Risk-Adjusted Performance

0 of 100

 
Weak
 
Strong
Very Weak
Over the last 90 days CapitaLand Investment Limited has generated negative risk-adjusted returns adding no value to investors with long positions. Despite uncertain performance in the last few months, the Stock's essential indicators remain nearly stable which may send shares a bit higher in February 2025. The current disturbance may also be a sign of long-run up-swing for the company stockholders.
Scottish Mortgage 

Risk-Adjusted Performance

8 of 100

 
Weak
 
Strong
OK
Compared to the overall equity markets, risk-adjusted returns on investments in Scottish Mortgage Investment are ranked lower than 8 (%) of all global equities and portfolios over the last 90 days.
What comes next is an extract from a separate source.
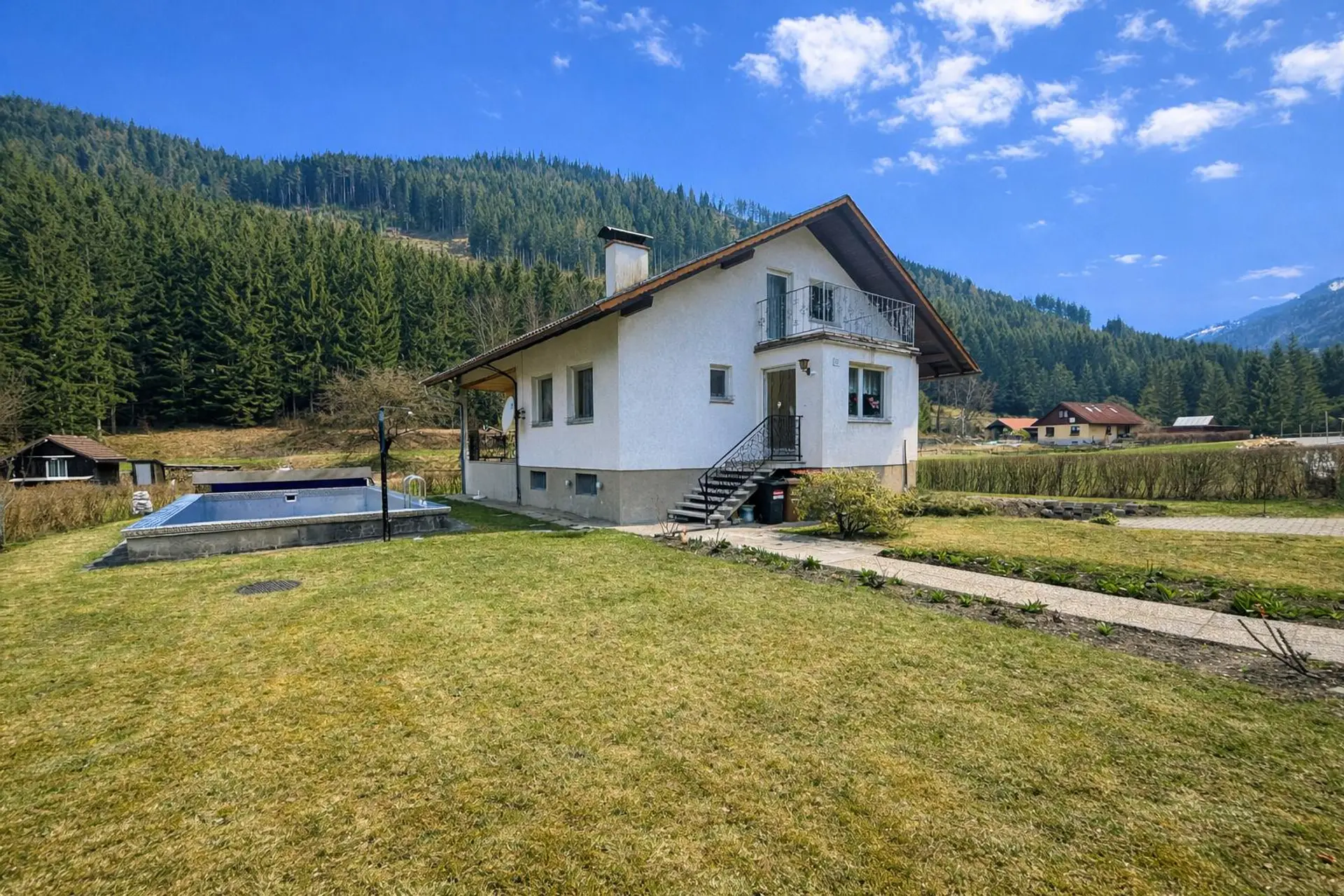 Zum Verkauf steht ein ca. 136 m² großes Einfamilienhaus auf einem rund 602 m² großen, ebenen Grundstück in sonniger und ruhiger Grünlage in Au bei Turnau.

Despite nearly fragile basic indicators, Scottish Mortgage may actually be approaching a critical reversion point that can send shares even higher in February 2025.
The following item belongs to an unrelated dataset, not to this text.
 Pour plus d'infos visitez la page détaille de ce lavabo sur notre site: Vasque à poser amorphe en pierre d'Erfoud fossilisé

CapitaLand Investment and Scottish Mortgage Volatility Contrast

   Predicted Return Density   
       Returns  

Pair Trading with CapitaLand Investment and Scottish Mortgage

The main advantage of trading using opposite CapitaLand Investment and Scottish Mortgage positions is that it hedges away some unsystematic risk. Because of two separate transactions, even if CapitaLand Investment position performs unexpectedly, Scottish Mortgage can make up some of the losses. Pair trading also minimizes risk from directional movements in the market. For example, if an entire industry or sector drops because of unexpected headlines, the short position in Scottish Mortgage will offset losses from the drop in Scottish Mortgage's long position.
The idea behind CapitaLand Investment Limited and Scottish Mortgage Investment pairs trading is to make the combined position market-neutral, meaning the overall market's direction will not affect its win or loss (or potential downside or upside). This can be achieved by designing a pairs trade with two highly correlated stocks or equities that operate in a similar space or sector, making it possible to obtain profits through simple and relatively low-risk investment.
Check out your portfolio center.
Note that this page's information should be used as a complementary analysis to find the right mix of equity instruments to add to your existing portfolios or create a brand new portfolio. You can also try the Portfolio Manager module to state of the art Portfolio Manager to monitor and improve performance of your invested capital.